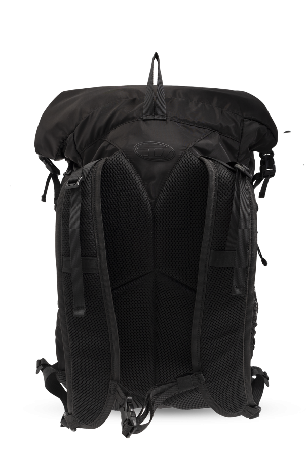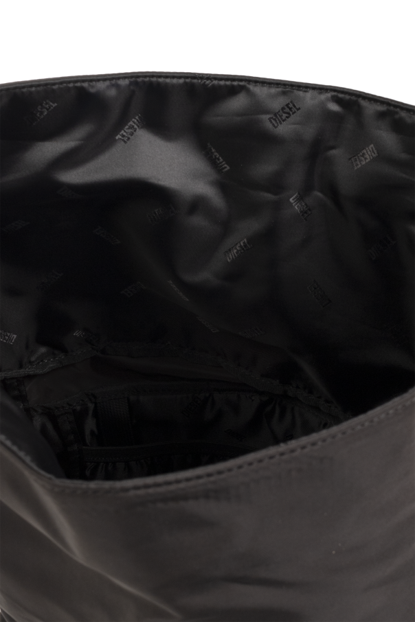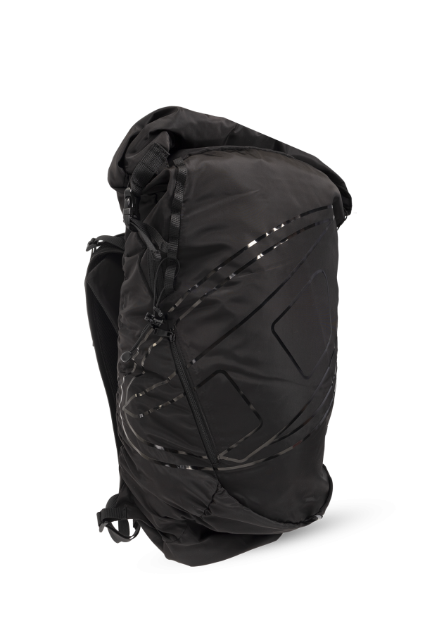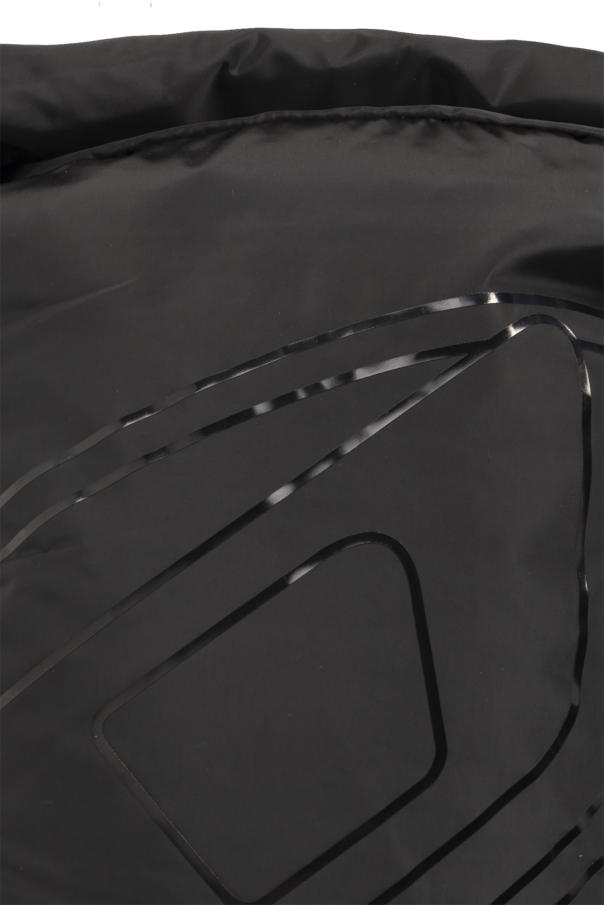 Black ‘DRAPE’ backpack from Diesel. Embellished with a logo print, this design features a zip fastening, a top snap closure, slip pockets on the sides, black metal hardware and one internal compartment with a slip pocket.
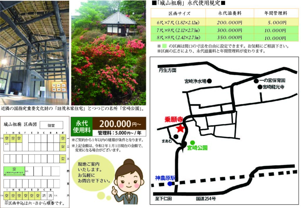 区画毎の永代使用料などは、住職までお尋ね下さい。(0274-67-4329)
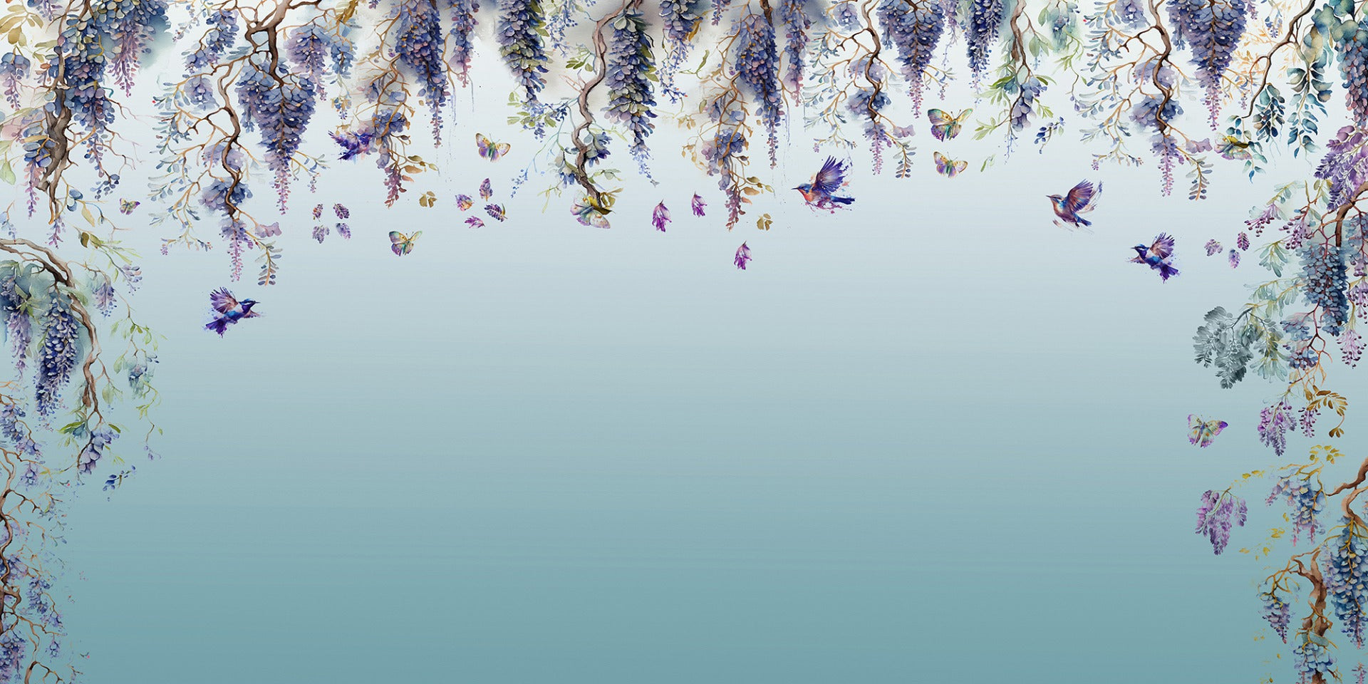 Add a touch of romance with wisteria blue wallpaper mural design.
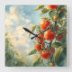 Un diseño de inspiración vintage con deliciosos tomates que crecen en una vid con un cielo celestial en el fondo.
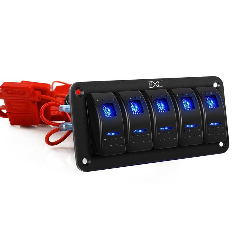 FXC Pre-Wired 5 Gang Rocker Switch Aluminum Panel with 40A Inline Fuse, Waterproof 6-Pin On-Off Car Boat Switch, Blue LED Switch Panel for Marine Boat Automotive RV Truck ATV Vehicles 12V/24V
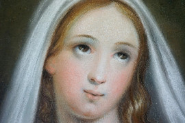 Vergine, tecnica mista su cartone, cm 27x22, firmato a tergo, entro cornice.
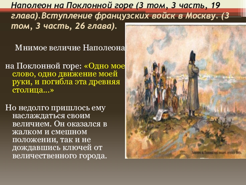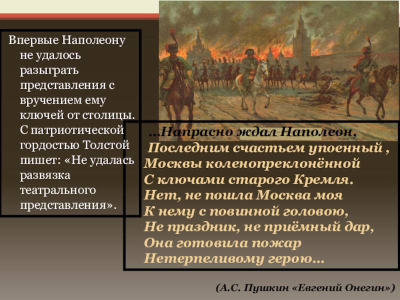 Впервые Наполеону не удалось разыграть представления с вручением ему ключей от столицы. С патриотической гордостью Толстой пишет: «Не удалась развязка театрального представления».
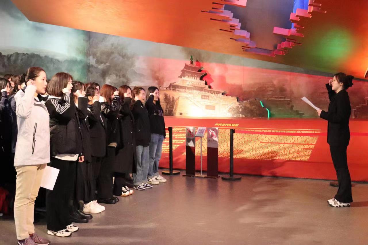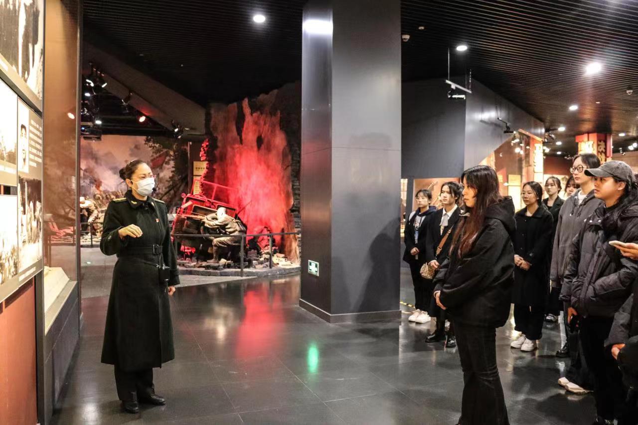 全体师生参观济南战役纪念馆,并在此进行庄严宣誓。学生代表刘靓彬发言,强烈表达出对革命先烈的深切缅怀和崇高敬意,呼吁着我辈青年于新时代之下铭记先烈、勇毅笃行。在讲解员的带领之下,我们回顾了从“和战博弈,生死较量”到“八天八夜,鏖战古城”再到今日的“新时代,新泉城”,一张张泛黄的照片,一件件烈士的遗物让大家驻足凝视。雄伟壮阔的纪念馆是先烈们浴血奋战的见证,更是中华民族“英勇顽强,敢于胜利”精神的体现。来到毛泽东主席亲笔题名的“革命烈士纪念塔”下,学子们在低头默哀后,将手中的白色菊花一一摆放在纪念碑塔下以告慰英雄先烈。
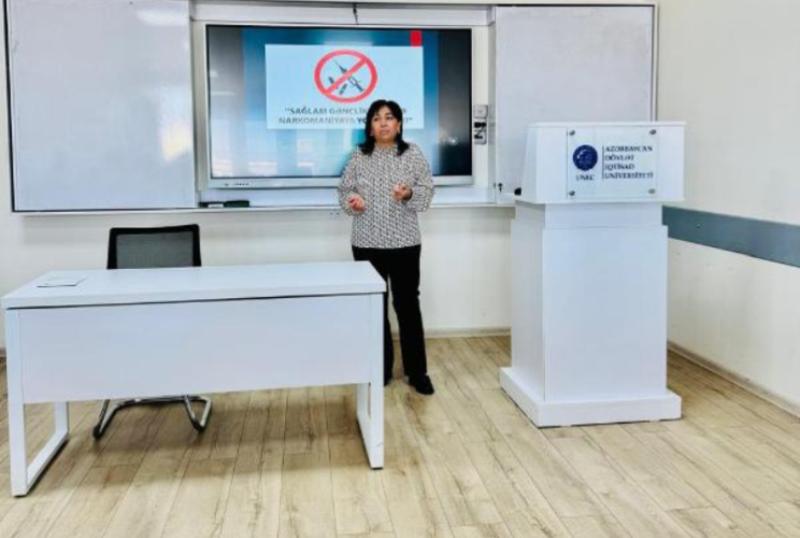 İqtisadiyyat və İdarəetmə fakültəsində narkotik vasitələrin, psixotrop maddələrin və onların prekursorlarının qanunsuz dövriyyəsinə və narkomanlığa qarşı mübarizəyə həsr olunmuş maarifləndirici seminar keçirilib.
--
TASK DESCRIPTION — Each entry is to be written out again word for word, and any pictures are to be omitted.

RESULT —
 Black ‘DRAPE’ backpack from Diesel. Embellished with a logo print, this design features a zip fastening, a top snap closure, slip pockets on the sides, black metal hardware and one internal compartment with a slip pocket.
 区画毎の永代使用料などは、住職までお尋ね下さい。(0274-67-4329)
 Add a touch of romance with wisteria blue wallpaper mural design.
 Un diseño de inspiración vintage con deliciosos tomates que crecen en una vid con un cielo celestial en el fondo.
 FXC Pre-Wired 5 Gang Rocker Switch Aluminum Panel with 40A Inline Fuse, Waterproof 6-Pin On-Off Car Boat Switch, Blue LED Switch Panel for Marine Boat Automotive RV Truck ATV Vehicles 12V/24V
 Vergine, tecnica mista su cartone, cm 27x22, firmato a tergo, entro cornice.
 Впервые Наполеону не удалось разыграть представления с вручением ему ключей от столицы. С патриотической гордостью Толстой пишет: «Не удалась развязка театрального представления».
 全体师生参观济南战役纪念馆,并在此进行庄严宣誓。学生代表刘靓彬发言,强烈表达出对革命先烈的深切缅怀和崇高敬意,呼吁着我辈青年于新时代之下铭记先烈、勇毅笃行。在讲解员的带领之下,我们回顾了从“和战博弈,生死较量”到“八天八夜,鏖战古城”再到今日的“新时代,新泉城”,一张张泛黄的照片,一件件烈士的遗物让大家驻足凝视。雄伟壮阔的纪念馆是先烈们浴血奋战的见证,更是中华民族“英勇顽强,敢于胜利”精神的体现。来到毛泽东主席亲笔题名的“革命烈士纪念塔”下,学子们在低头默哀后,将手中的白色菊花一一摆放在纪念碑塔下以告慰英雄先烈。
 İqtisadiyyat və İdarəetmə fakültəsində narkotik vasitələrin, psixotrop maddələrin və onların prekursorlarının qanunsuz dövriyyəsinə və narkomanlığa qarşı mübarizəyə həsr olunmuş maarifləndirici seminar keçirilib.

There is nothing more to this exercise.